7. En 1990 déjà, l’Assemblée déplorait que, au cours des années qui venaient de s’écouler, le tourisme fût devenu un phénomène de masse insuffisamment contrôlé, risquant d’entraîner la dégradation des paysages et de l’environnement, l’érosion des sols, la pollution de l’eau, l’altération des cultures et la perte des identités culturelles. La commission approuve, par conséquent, l’appel à promouvoir un tourisme de qualité, par opposition au tourisme de masse, qui puisse prévenir des dommages irréversibles au patrimoine culturel et favoriser le développement durable.
8. La commission convient, en outre, qu’une partie des revenus engendrés par le tourisme devrait servir à entretenir les «attractions touristiques» culturelles, afin notamment de réparer les dommages infligés aux monuments et aux paysages mais aussi de garantir que son développement est approprié et durable en termes culturels.
9. Cette remarque ne s’applique pas uniquement à l’action gouvernementale visant à sauvegarder les monuments nationaux. Il convient de mettre en place des partenariats public-privé. Il faut encourager les particuliers, les organisations et les petites entreprises à investir pour render accessible aux touristes culturels un plus large éventail de sites, de musées et galeries, d’infrastructures et d’édifices.
10. Un autre secteur important du tourisme de qualité est la gastronomie, qui doit conserver ses spécialités locales et régionales. Cette question devrait faire l’objet d’une étude distincte.
11. Le développement de la qualité dans le tourisme culturel peut présenter de nombreux avantages qui ne sont pas facilement quantifiables en termes économiques, comme une sensibilisation accrue du public à la diversité culturelle ou bien la promotion du dialogue interculturel. Il peut aussi étendre l’impact du tourisme sur l’infrastructure locale et diversifier la gamme des services fournis.
12. La commission relève en outre avec intérêt la popularité croissante des grandes expositions d’art et des émissions télévisées sur les voyages, qui rendent plus facile et plus satisfaisant l’accès du public aux événements culturels.
13. Nous prenons acte, en particulier, des améliorations que les nouvelles techniques ont apportées au tourisme et notamment à la qualité du tourisme culturel, en rendant moins dérangeantes les visites guidées d’expositions ou en facilitant l’élaboration de matériels multilingues, par exemple. Dans ce contexte, nous continuons à déplorer la discrimination dont sont victimes les guides touristiques étrangers.
14. Les gouvernements devraient fournir des conseils, une assistance ou un soutien financier (par le biais de subventions ou d’incitations fiscales) à cette fin, comme c’est déjà le cas dans plusieurs Etats membres du Conseil de l’Europe. De manière générale, une coopération plus étroite est nécessaire entre toutes les parties prenantes.
15. Il faut, toutefois, reconnaître que le tourisme culturel peut être en soi un moyen viable de soutenir les économies locales en sauvegardant les traditions culturelles, l’artisanat et les activités locales qui risqueraient autrement de disparaître.

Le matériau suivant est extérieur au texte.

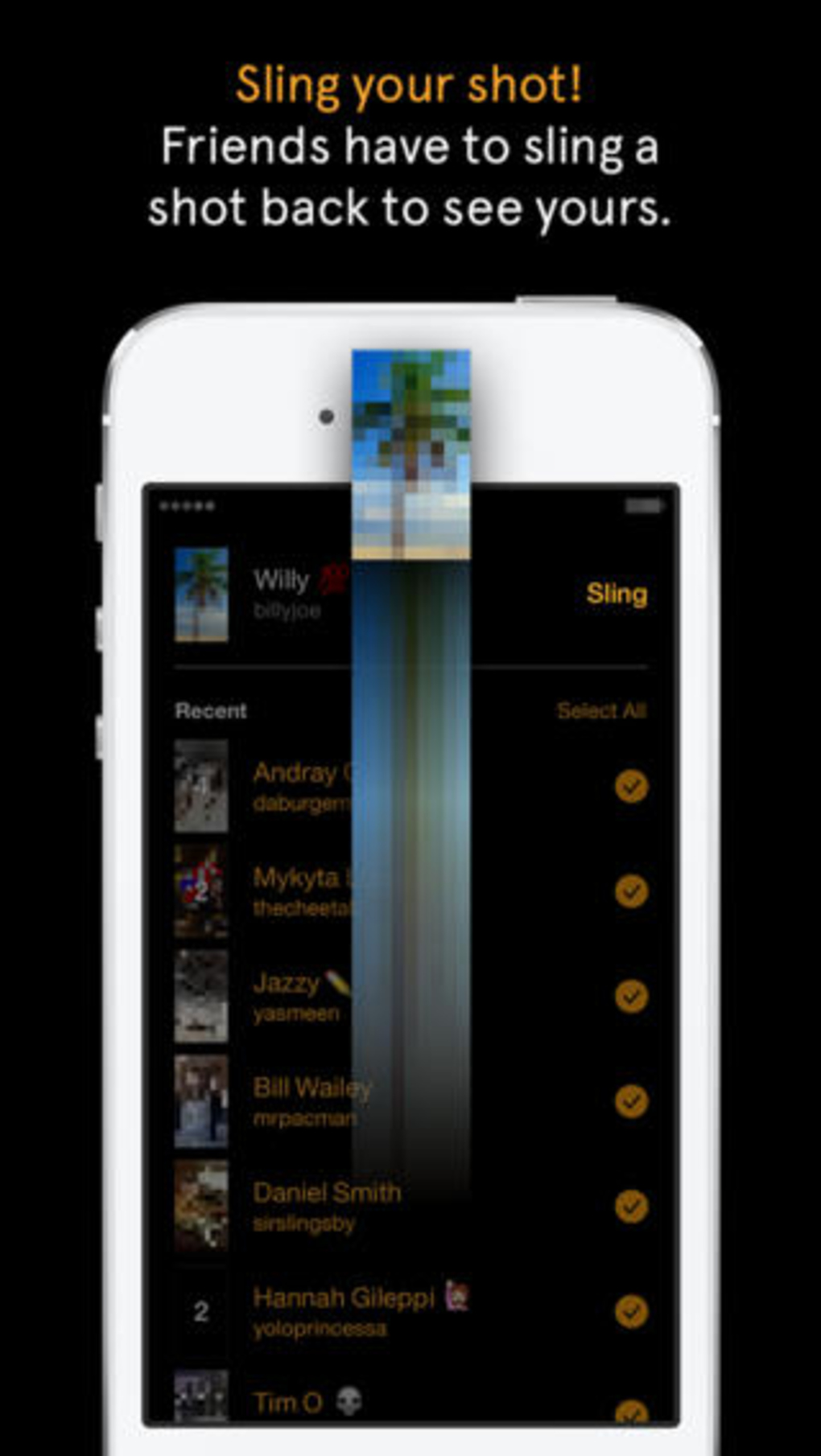 The tweak with Slingshot is in how you receive an initial message. Say I send you a message out of the blue; in order for you to see that first message, you have to send one back ahead of looking at it. It's like a confirmation system for beginning a chat or photo swap. Sounds smart, but will undoubtedly lead to a lot of throw-away "ready?" and "hi!" messages to start any conversation.

Baroness Hooper prépare actuellement un rapport sur les métiers anciens et traditionnels. Il importe d’insister sur la qualité et l’authenticité, et d’éviter la promotion artificielle des arts populaires (nombre de produits touristiques bon marché vendus dans toute l’Europe sont estampillés «Fabriqué en Chine»).

Commission chargée du rapport: commission des questions

économiques et du développement.

Commission saisie pour avis: commission de la culture, de la science et de l’éducation.

Renvoi en commission: Doc. 11069 et Renvoi no 3316 du 16 mars 2007 (modification du Renvoi no 3290 du 22 janvier 2007).

Avis approuvé par la commission le 17 avril 2008.

Voir 18e séance, 18 avril 2008 (adoption du projet de recommandation amendé); et Recommandation 1835.